Get tips on using Senescence β-Galactosidase Staining Kit - Cell Signaling to perform Reporter gene assay β-galactosidase substrates - Huh7
Get tips on using Senescence β-Galactosidase Staining Kit - Cell Signaling to perform Reporter gene assay β-galactosidase substrates - HepG2
Get tips on using Senescence β-Galactosidase Staining Kit - Cell Signaling to perform Reporter gene assay β-galactosidase substrates - A549
Get tips on using Senescence β-Galactosidase Staining Kit - Cell Signaling to perform Reporter gene assay β-galactosidase substrates - H1299
Get tips on using Secrete-Pair™ Dual Luminescence Assay Kit to perform Reporter gene assay β-galactosidase substrates - HUVEC
Get tips on using Senescence β-Galactosidase Staining Kit - Cell Signaling to perform Reporter gene assay β-galactosidase substrates - U2OS
The RNA-guided CRISPR-Cas9 nuclease system has revolutionized the genome editing practices.

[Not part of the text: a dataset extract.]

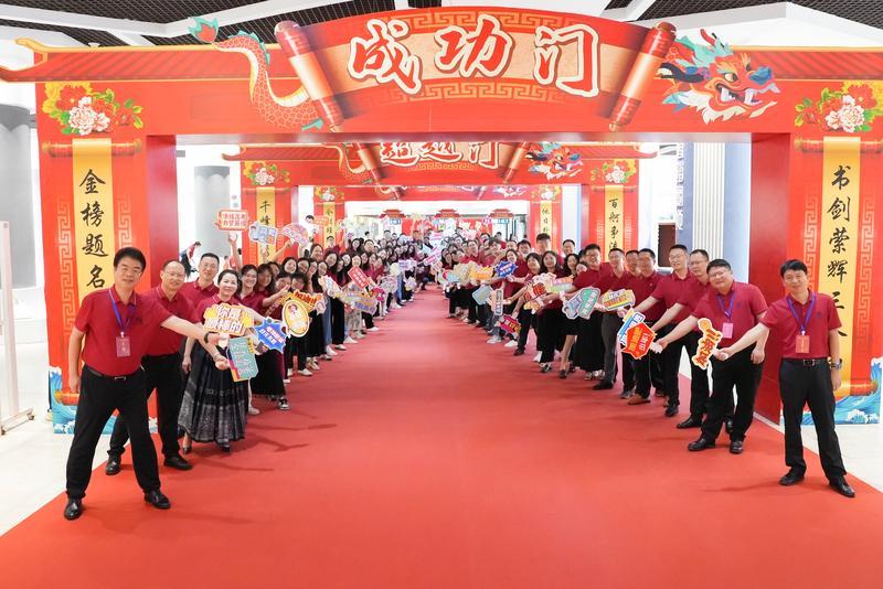 在惠州中學(xué),校領(lǐng)導(dǎo)帶領(lǐng)高三年級(jí)全體教師站在紅毯兩旁為2024屆考生送上祝福。身穿紅色上衣的老師們,和考生一一擊掌,目送他們走向“成功門(mén)”。

For the most part, the Cas9-mediated genome editing is performed either via nonhomologous end joining (NHEJ) or homology-directed repair (HDR) in mammalian cells, However, designing of specific sgRNAs and minimizing off-target cleavage mediated mutagenesis are the major challenges in CRISPR-Cas based genome editing. To circumvent these issues, we can take advantages of many available tools and approaches for sgRNA construction and delivery.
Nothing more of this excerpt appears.